# Transformer Block Implementation

To build a simple Transformer block and pass the forward input $X$ through it, let's extend the previous example by implementing the full Transformer block. The Transformer block consists of the following components:

* **Self-Attention:** Computes attention scores to attend to different parts of the sequence.
* **Feed-Forward Network:** A fully connected feed-forward network.
* **Layer Normalization:** Applied after the attention and feed-forward network to stabilize training.
* **Residual Connections:** Added around the attention and feed-forward layers.

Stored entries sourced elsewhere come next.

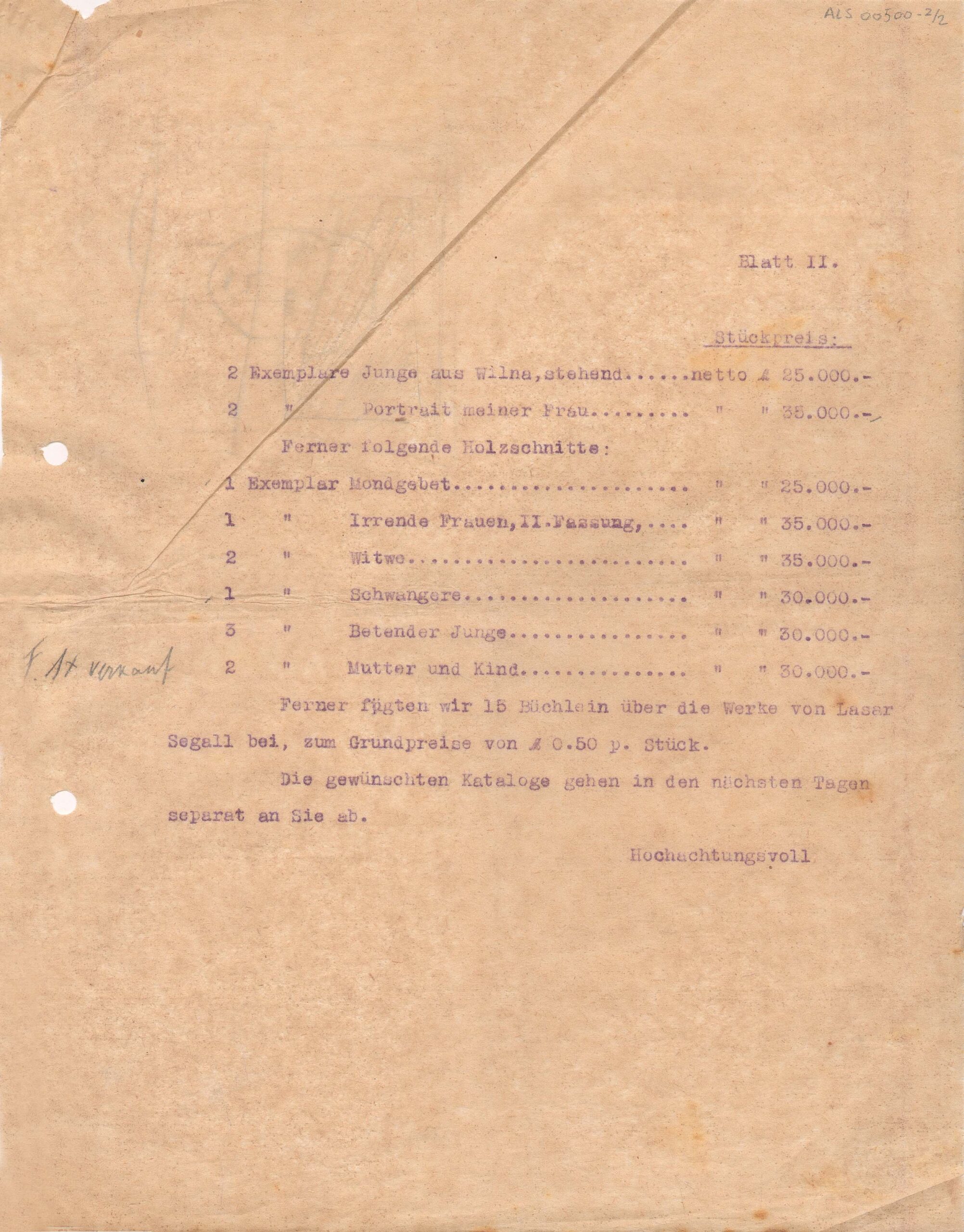 Anotações a grafite, por Lasar Segall, indicando obras vendidas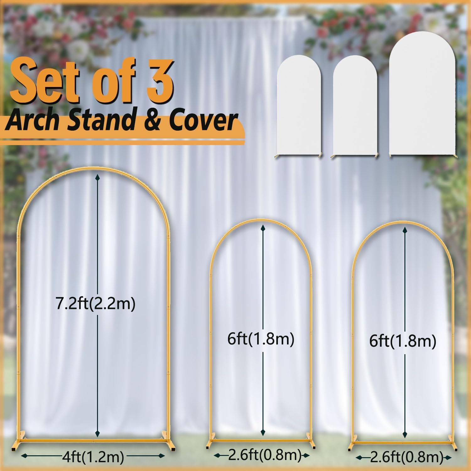 - Arch Backdrop Stand and Covers Set Package contains 3 Gold arches stand for wedding and 3 White Spandex arch backdrop covers with dimensions of 7.2FT and 6FT.x2. A large tote bag,3 x storage bags, A pair of protective gloves๏ผ12 Pcs Outdoor Landscape Staples.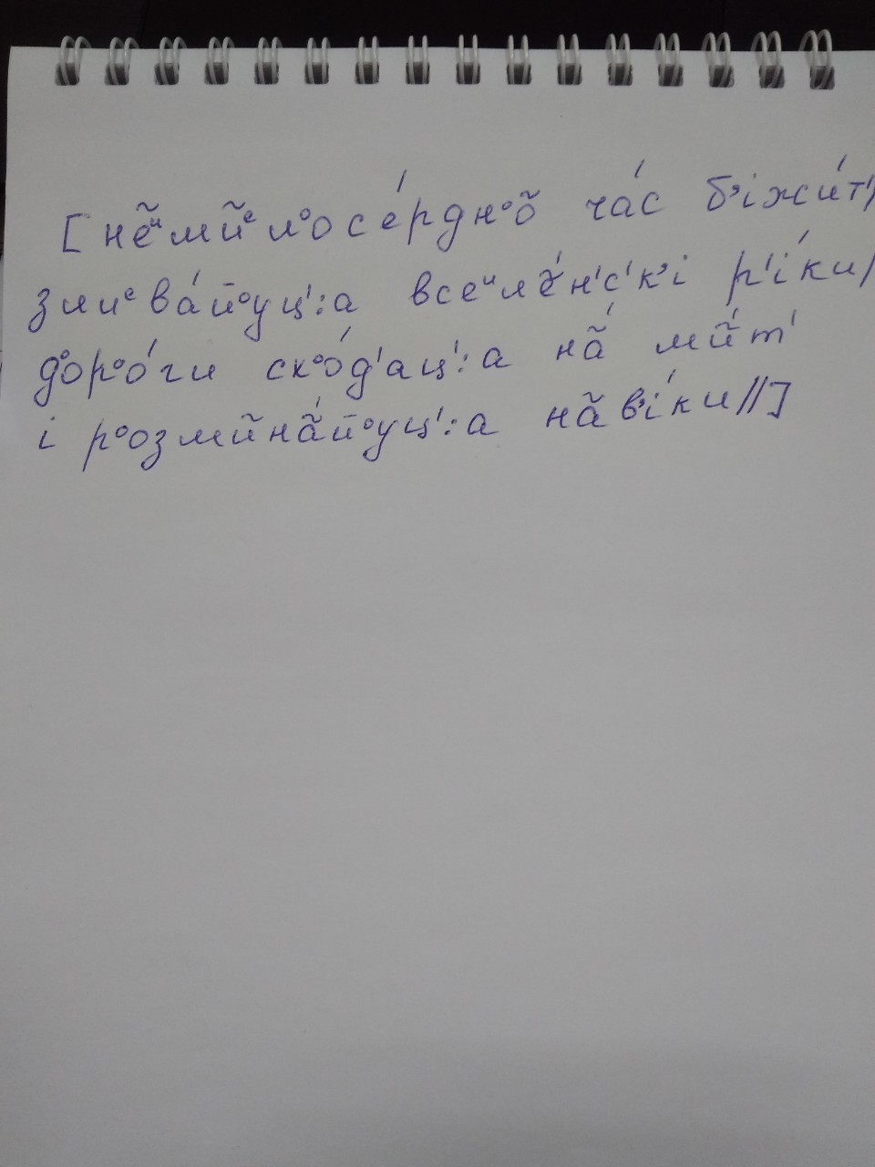 Немилосердно час біжить, Зливаються вселенські ріки, Дороги сходяться на мить І розминаються навіки. транскрипція

Below is the implementation of a Transformer block in PyTorch:

In [1]:
import torch
import torch.nn as nn
import torch.nn.functional as F

class TransformerBlock(nn.Module):
    def __init__(self, embed_size, num_heads, ff_hidden_size, dropout=0.1):
        super(TransformerBlock, self).__init__()
        
        # Multi-Head Attention
        self.attention = nn.MultiheadAttention(embed_size, num_heads, dropout=dropout)
        
        # Feed Forward Network
        self.ffn = nn.Sequential(
            nn.Linear(embed_size, ff_hidden_size),
            nn.ReLU(),
            nn.Linear(ff_hidden_size, embed_size)
        )
        
        # Layer Normalization
        self.norm1 = nn.LayerNorm(embed_size)
        self.norm2 = nn.LayerNorm(embed_size)
        
        # Dropout
        self.dropout = nn.Dropout(dropout)
    
    def forward(self, x):
        # x is expected to have shape [seq_len, batch_size, embed_size]

        # Attention layer with residual connection
        attn_out, _ = self.attention(x, x, x)  # Self-attention: Q = K = V = x
        x = self.norm1(x + self.dropout(attn_out))  # Add & Norm
        
        # Feed-forward layer with residual connection
        ff_out = self.ffn(x)
        x = self.norm2(x + self.dropout(ff_out))  # Add & Norm
        
        return x


In [3]:
# Example sequence length, batch size, and embedding size
seq_len = 5  # Sequence length (e.g., number of tokens)
batch_size = 3  # Number of samples in the batch
embed_size = 4  # Dimensionality of the embedding

# Random input tensor for X
X = torch.rand(seq_len, batch_size, embed_size)  # Shape: [seq_len, batch_size, embed_size]


In [4]:
# Initialize the Transformer Block
num_heads = 2
ff_hidden_size = 8  # Feed-forward hidden size
transformer_block = TransformerBlock(embed_size, num_heads, ff_hidden_size)

# Pass the input through the Transformer block
output = transformer_block(X)

print(output.shape)  # Output shape should be [seq_len, batch_size, embed_size]


torch.Size([5, 3, 4])